Though contact tracing has worked in the past during outbreaks of tuberculosis and measles, the technique appears to be much less useful when implemented on the scale of the coronavirus, officials are finding. However, other countries have reported more success with these techniques, including China, South Korea and Germany and other countries have set up extensive tracking networks that have helped identify potentially infected individuals before they become seriously symptomatic. 

In South Korea, for example, people at weddings, funerals, karaoke bars, nightclubs and internet-game parlors write down their names and telephone numbers, and the authorities have been able to draw on cellphone location data. Of course, all of this relies on the subjects being willing to give out their information.

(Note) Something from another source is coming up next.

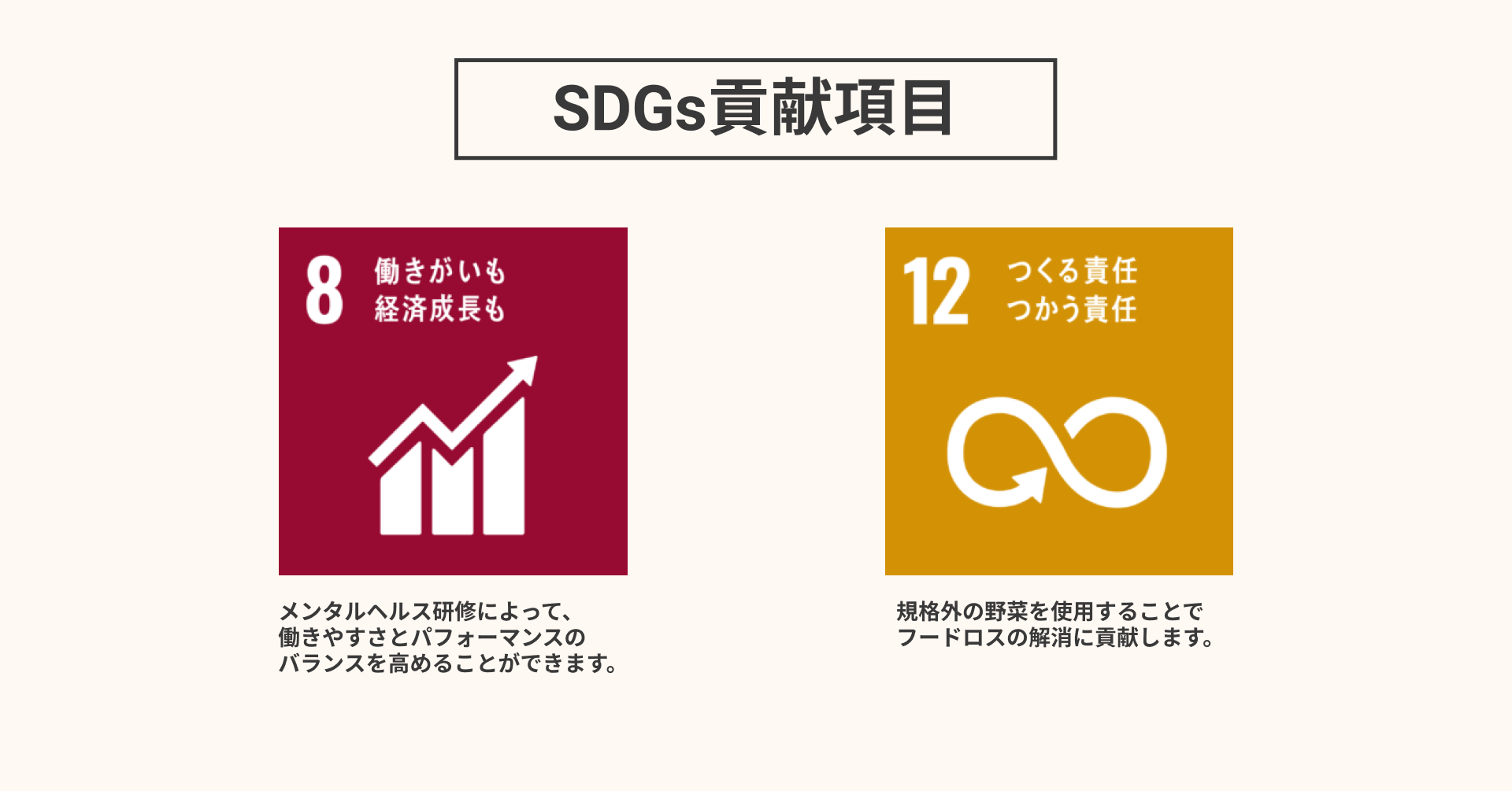 本研修をご利用いただくことでSDGsの達成に貢献します。メンタルヘルス研修を実施することで従業員の方の満足度の向上、うつ病など精神疾患の予防など「8.働きがいも 経済成長も」の達成をサポートします。また規格外野菜を使用することでフードロスを解消し「12.つくる責任 つかう責任」に貢献します。

But when American tech behemoths instead decide to surreptitiously install tracking apps without the direct consent of the user, well, let’s just say it doesn’t exactly help establish the trust and confidence that’s critical for these programs to work.

One of the program’s leaders told the NYT that while things are getting off to a less-than-ideal start, there are signs that NYC’s program could help prevent another outbreak. For example, at least most of the patients who are being contacted are at least answering the phones.

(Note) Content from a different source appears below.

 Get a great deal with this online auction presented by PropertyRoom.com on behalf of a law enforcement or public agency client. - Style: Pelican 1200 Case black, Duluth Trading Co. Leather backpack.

Dr. Ted Long, head of New York City’s new Test and Trace Corps, insisted that the program was going well, but acknowledged that many people who tested positive had failed to provide information over the phone to the contact tracers, or left interviews before being asked. Others told the tracers they had been only at home and had not put others at risk, and then did not name family members.

Dr. Long said one encouraging sign was that nearly all the people for whom the city had numbers at least answered the phone. He added that he believed that the tracers would be more successful when they start going to people’s homes in the next week or two, rather than just relying on communication over the phone.

The NYT then spent most of the piece focusing on individual contact tracers from minority backgrounds who had been assigned to canvass patients in more ‘economically disadvantaged’ neighborhoods.

But another expert quoted by the NYT pointed out that Mayor de Blasio’s decision to establish the corp of contact tracers outside the City Department of Public Health would  ensure that all the contact tracers lack the experience for this type of work.

Dr. Halkitis at Rutgers said he thought the low cooperation rate was likely due to several factors, including the inexperience of the tracers; widespread reluctance among Americans to share personal information with the government; and Mayor de Blasio’s decision to shift the program away from the city’s Department of Health.

“You have taken it away from the people who actually know how to do it,” he said. “The D.O.H. people, they are skilled. They know this stuff.”